8/10
Truly a Wild Entertainment
12 September 2009
Not even remotely corny like one would expect of a 1980s romantic comedy, this fierce, libidinous entertainment stars Jeff Daniels as Charlie, an externally button-down banker whose mojo is readily fluttered by audacity in women, and Melanie Griffith as Lulu, an alcoholic sex machine with an amply fertile mind. Daniels plays some of the same notes here that he used in Terms of Endearment, where he was the firm, competent, straitlaced husband and father who liked to have relations with perky coeds. He looks like he was born to wear a suit and a tie, but he has that insubordinate glint in the right light. Griffith's performance is founded not so much on sexual excitement as on nerve: She is able to persuade us, and Daniels, that she is likely to do almost anything, particularly if she thinks it might shock him.

Even while they're standing on the sidewalk in front of that restaurant and she's making like she's charging him with theft, there's a spark between them. The casting is critical in a movie like this. There has to be some kind of brutish cohesion between the man and the woman or it doesn't make any difference how sharp the dialogue is. Once they've made their connection, Daniels freely goes along for the ride. After awhile she even takes his handcuffs off, although he sort of liked the idea of having lunch in a restaurant with the cuffs dangling from one of his wrists.

They drive down the East Coast from New York to Tallahasee, while she steals money from cash registers and he capsizes into the conscious daydream of the sensually exhausted. At Griffith's high school reunion, Daniels runs into the last person he wants to see, the accountant from his office. And Griffith runs into the last person she wants to see, her husband, Ray Liotta. I will stop here. The uncertainty of the tension must not be ruined.

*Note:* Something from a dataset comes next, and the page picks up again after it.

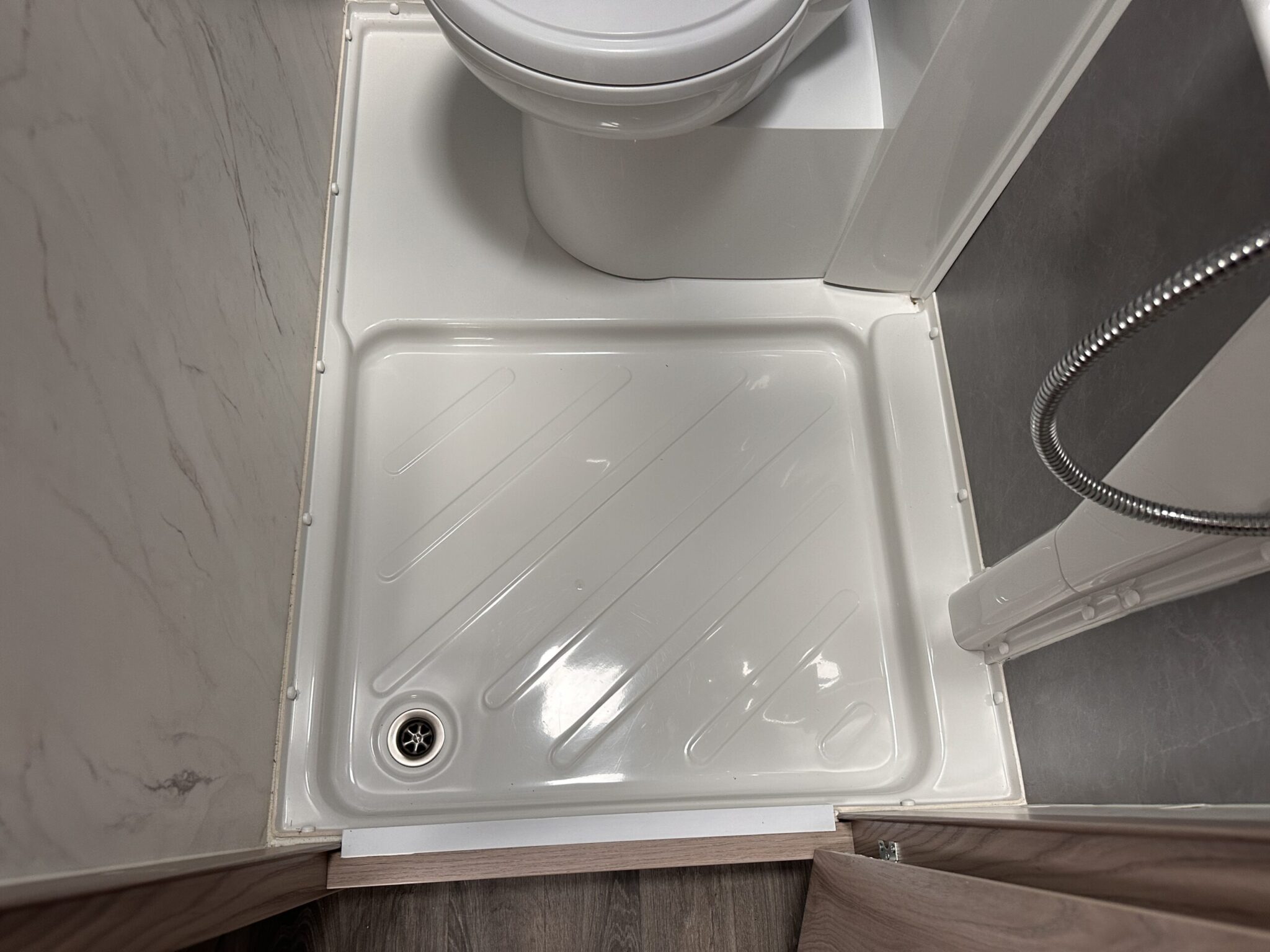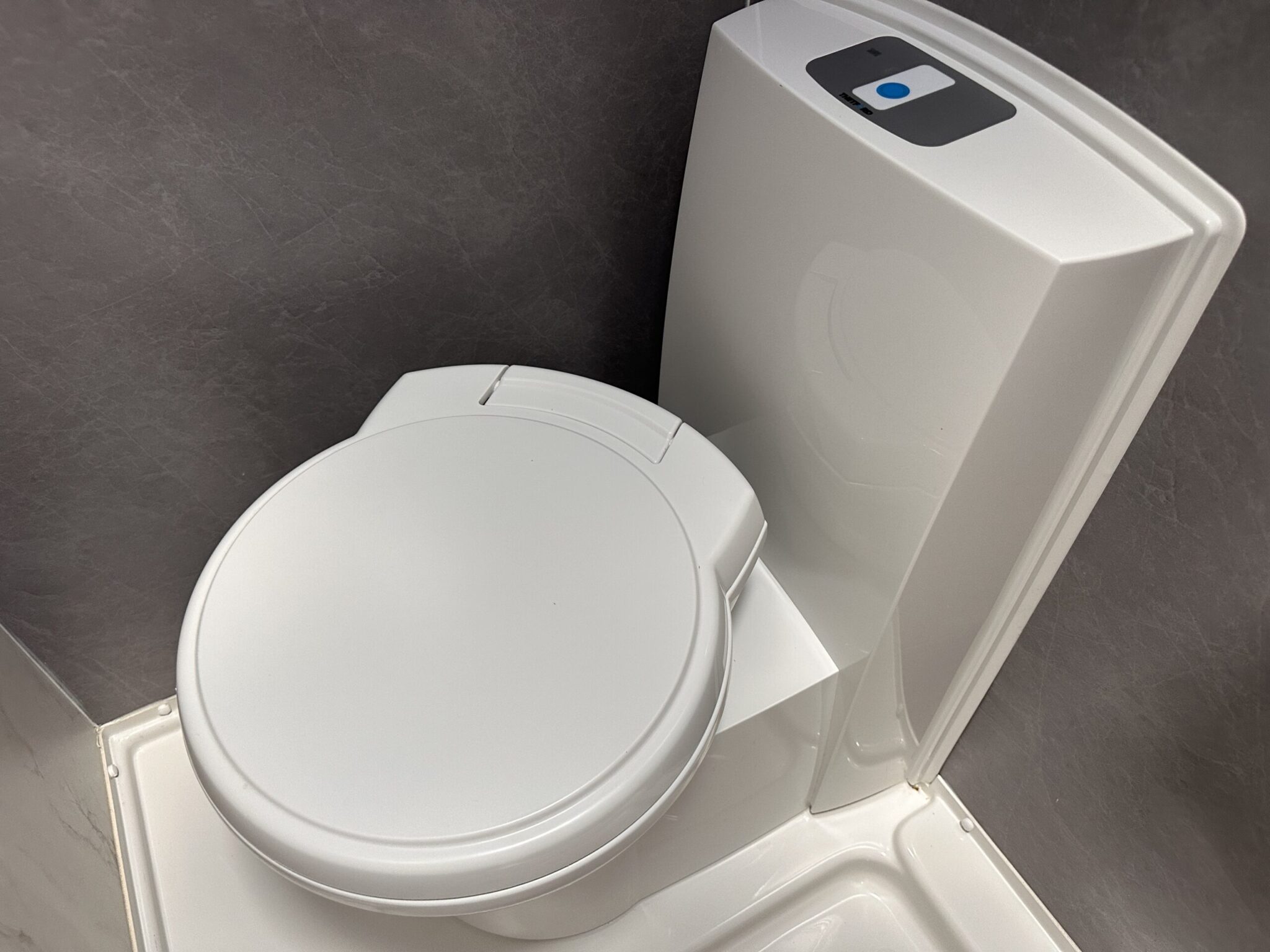- Washroom: A practical and clean corner washroom is located next to the bedroom, containing a cassette toilet, a vanity unit with a sink, and a shower.

If Demme and screenwriter E. Max Frye had developed this movie as a madcap comedy, it most likely wouldn't have worked as well. Their feat is to think their characters through before the very first scene. They know all about Charlie and Lulu, and so what happens after the confrontation outside that restaurant is virtually inescapable, cnsidering who they are and how they look at each other. This is one of those few movies where the story acts shocked by what the characters do, and not the other way around.